## What is being asked
Copy exactly every line below, from the first through the one that contains "With the release", and skip all pictures.

━━ Data provided

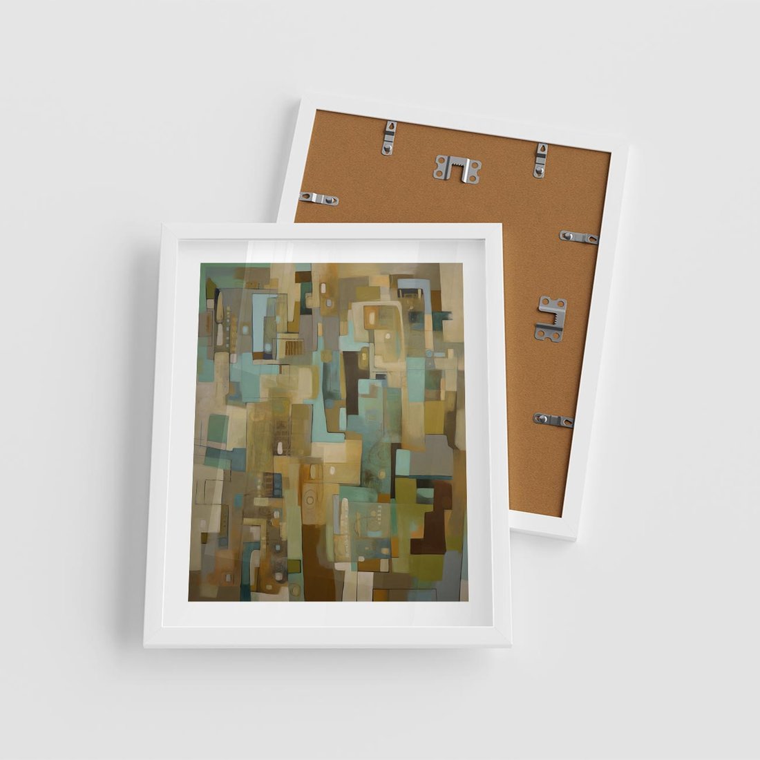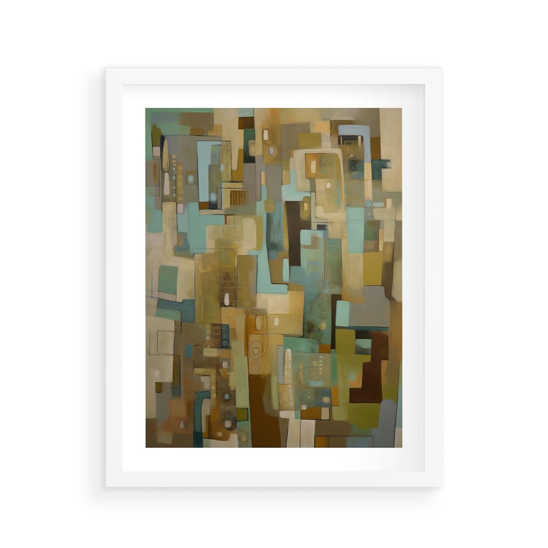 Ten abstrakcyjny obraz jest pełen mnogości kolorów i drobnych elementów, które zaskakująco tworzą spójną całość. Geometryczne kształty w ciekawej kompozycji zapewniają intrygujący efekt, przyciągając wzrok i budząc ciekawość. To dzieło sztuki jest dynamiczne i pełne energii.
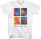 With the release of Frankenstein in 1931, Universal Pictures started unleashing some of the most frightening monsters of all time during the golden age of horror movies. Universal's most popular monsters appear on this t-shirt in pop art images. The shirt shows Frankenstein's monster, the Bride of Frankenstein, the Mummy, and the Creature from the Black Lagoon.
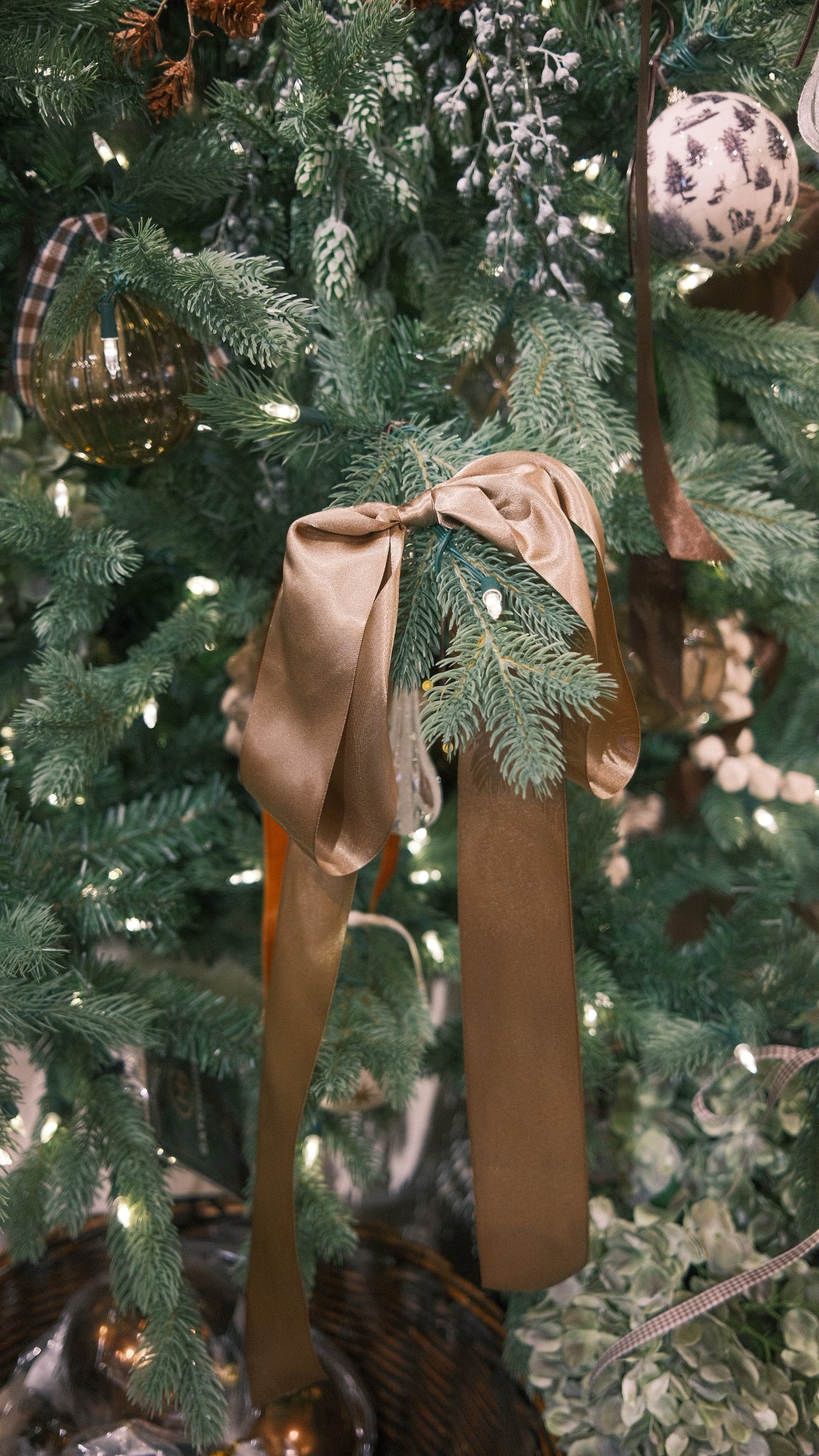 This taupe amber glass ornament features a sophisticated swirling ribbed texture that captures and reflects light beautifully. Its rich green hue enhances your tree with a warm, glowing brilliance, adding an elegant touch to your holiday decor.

━━━━

## Output below
 Ten abstrakcyjny obraz jest pełen mnogości kolorów i drobnych elementów, które zaskakująco tworzą spójną całość. Geometryczne kształty w ciekawej kompozycji zapewniają intrygujący efekt, przyciągając wzrok i budząc ciekawość. To dzieło sztuki jest dynamiczne i pełne energii.
 With the release of Frankenstein in 1931, Universal Pictures started unleashing some of the most frightening monsters of all time during the golden age of horror movies. Universal's most popular monsters appear on this t-shirt in pop art images. The shirt shows Frankenstein's monster, the Bride of Frankenstein, the Mummy, and the Creature from the Black Lagoon.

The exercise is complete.